Hello,
I have a big time-series dataset with 5 minute resolution for 4 years. In this dataset,a perticular variable (e.g., RAD) is measued for each 5 minutes at 9 different stations (e.g., ST1,..., ST9). It means for each 5 minute interval (for example, Feb. 1, 2015 1:00:00 PM) there are 9 samples for this variable.

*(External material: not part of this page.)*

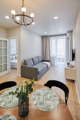 В квартире есть все необходимое для комфортного проживания: двухспальная кровать, раскладной диван, смарт телевизор, холодильник, чайник, микроволновая печь, посуда, стиральная машина, фен, утюг, кондиционер, Wi-Fi.

Now, I am wondoering how I can create a new dataset including the data of Feb 1 to Feb 10, 2015 from 13-19 (time) with a new variable= the average of variable "RAD" from all stations. In other words, for each 5 min interval I need the avergae of variable "RAD" instead of 9 RAD variables. Your help is really appreciated.
Thank you.
It would help if in the future you could post your sample data as a SAS data step (so we don't have to do this work).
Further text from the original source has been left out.